What you are asked to do:
Exclude the pictures, then restate exactly each line of the data below from the first through the line containing "home alone, Merry".

Given information:
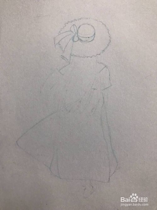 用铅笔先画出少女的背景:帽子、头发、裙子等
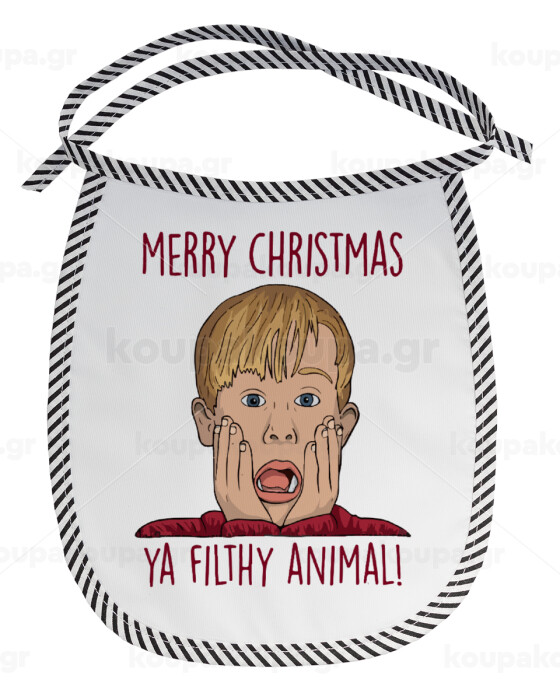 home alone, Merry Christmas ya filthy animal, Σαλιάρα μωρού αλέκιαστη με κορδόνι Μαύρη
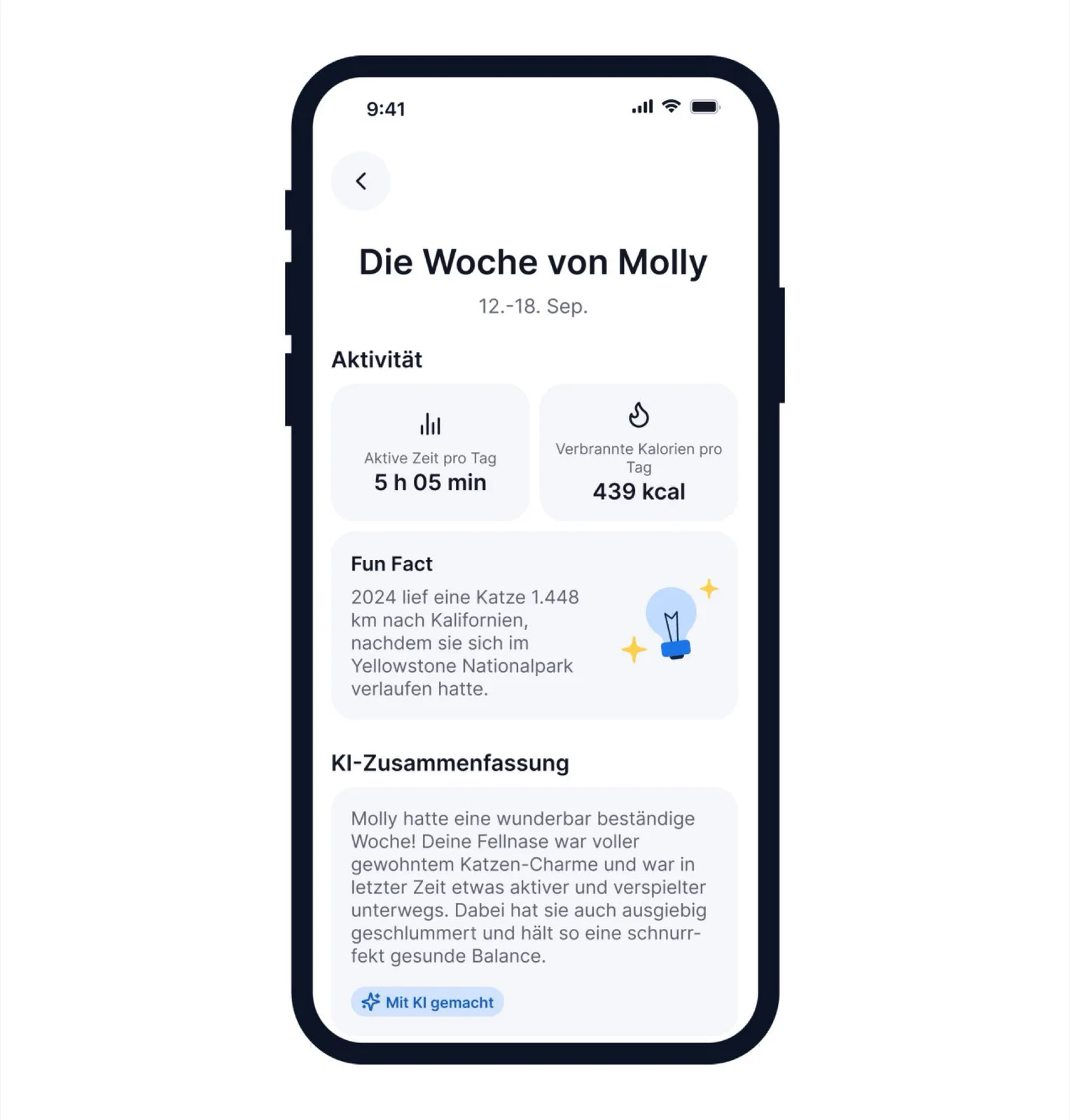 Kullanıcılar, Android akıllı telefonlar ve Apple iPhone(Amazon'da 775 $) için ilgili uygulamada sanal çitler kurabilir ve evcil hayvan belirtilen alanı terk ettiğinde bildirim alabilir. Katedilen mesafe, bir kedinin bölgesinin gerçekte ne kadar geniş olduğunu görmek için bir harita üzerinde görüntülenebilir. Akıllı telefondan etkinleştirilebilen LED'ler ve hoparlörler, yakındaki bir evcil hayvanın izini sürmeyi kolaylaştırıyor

Solved exercise:
 用铅笔先画出少女的背景:帽子、头发、裙子等
 home alone, Merry Christmas ya filthy animal, Σαλιάρα μωρού αλέκιαστη με κορδόνι Μαύρη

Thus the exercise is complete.